EXERCISE DIRECTIONS — Leave out every picture and set down, exactly, the lines below from the one holding "Template cache size" up to and including the one holding "вопросов. Родителям, принимавшим".

DATASET CONTENT —
= = =

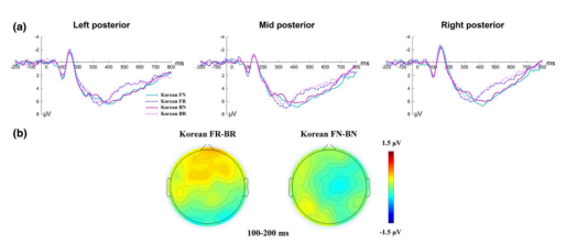 实验在以下时间窗口测量了每个成分的平均振幅:N170(中文、韩文)为100-200ms; N200(中文、韩文) 为200-230ms; N400(中文)为260-420ms; N400为260-360ms (韩文,基于ERP波形的目视检查)。然后,使用Greenhouse-Geisser方法对所得数据进行校正后,对每个脑电成分的平均振幅进行三因素重复测量方差分析,自变量为写作方向(2个水平:向前、向后),字符重复(2个水平:重复、不重复)和语言种类(2个水平:中文、韩文)。
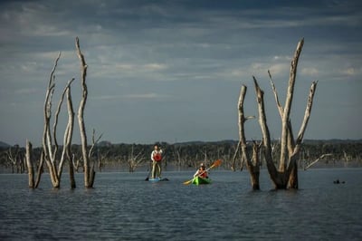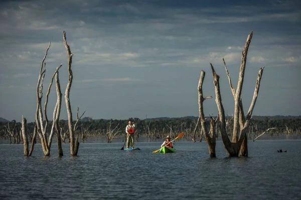 - Canoeing along crystal clear pools, only reachable by boat
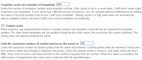 Template cache size (number of templates) n表示用于模版緩存的內存數量,默認是1024,建議在各位做WebSite時不要過分提高這里的數值,也不要設置為0,實際的數值參照站點的被訪問情況來定;Trusted cache選中后為不檢查cache中的頁面是否進行過更新,相比大家都不會勾選了吧,當然,如果你的website百十天也不更新一回,建議還是勾上這個選項,會加速web頁面的顯示;Limit the maximum number of cached queries on the server to n表示CFMX端存儲的查詢數量,默認是100個。這會加快同一查詢反復工作的速度。
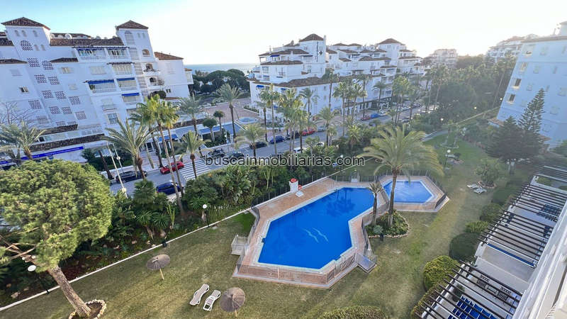 La propiedad esta orientada la sur con vitas al mar , jardines y una de las piscinas de la urbanizacion
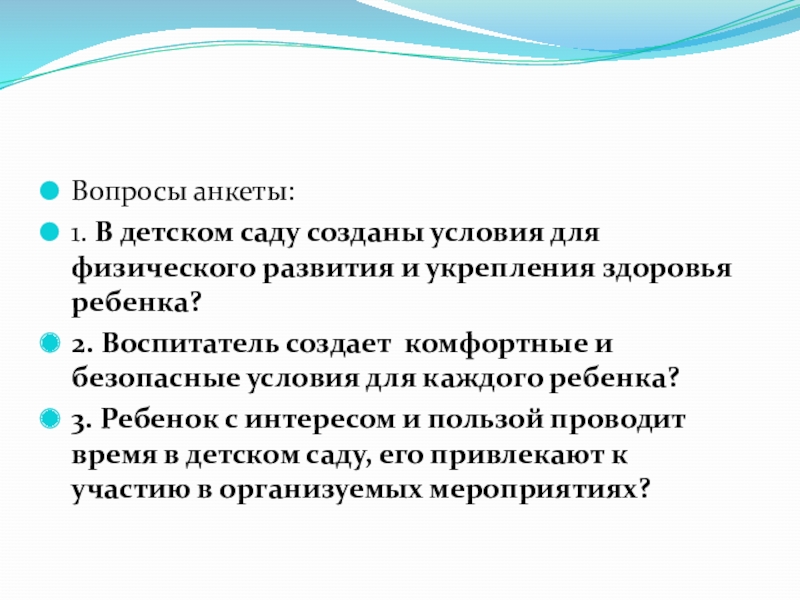 вопросов. Родителям, принимавшим участие в анкетировании, предлагалось внимательно прочесть перечисленные ниже утверждения и выразить свое мнение о квалифицированности педагогов, о развитии ребенка в ДОУ и взаимодействие педагогов и родителей.
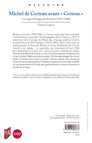 Michel de Certeau (1925-1986) est surtout connu pour avoir contribué à profondément renouveler l'historiographie (Écrire l'histoire, 1975) et entièrement revu le passage du Moyen Âge à l'époque moderne à travers le mysticisme (La Fable mystique, 1982 et 2013). Mais c'était aussi un penseur proche de Foucault, Barthes et Lacan, notamment, qui fut très attentif à son époque - en particulier aux événements de mai 1968, qui constituèrent à ses yeux une « prise de parole » absolument inédite.

= = =

SOLUTION FOR THIS TASK —
 Template cache size (number of templates) n表示用于模版緩存的內存數量,默認是1024,建議在各位做WebSite時不要過分提高這里的數值,也不要設置為0,實際的數值參照站點的被訪問情況來定;Trusted cache選中后為不檢查cache中的頁面是否進行過更新,相比大家都不會勾選了吧,當然,如果你的website百十天也不更新一回,建議還是勾上這個選項,會加速web頁面的顯示;Limit the maximum number of cached queries on the server to n表示CFMX端存儲的查詢數量,默認是100個。這會加快同一查詢反復工作的速度。
 La propiedad esta orientada la sur con vitas al mar , jardines y una de las piscinas de la urbanizacion
 вопросов. Родителям, принимавшим участие в анкетировании, предлагалось внимательно прочесть перечисленные ниже утверждения и выразить свое мнение о квалифицированности педагогов, о развитии ребенка в ДОУ и взаимодействие педагогов и родителей.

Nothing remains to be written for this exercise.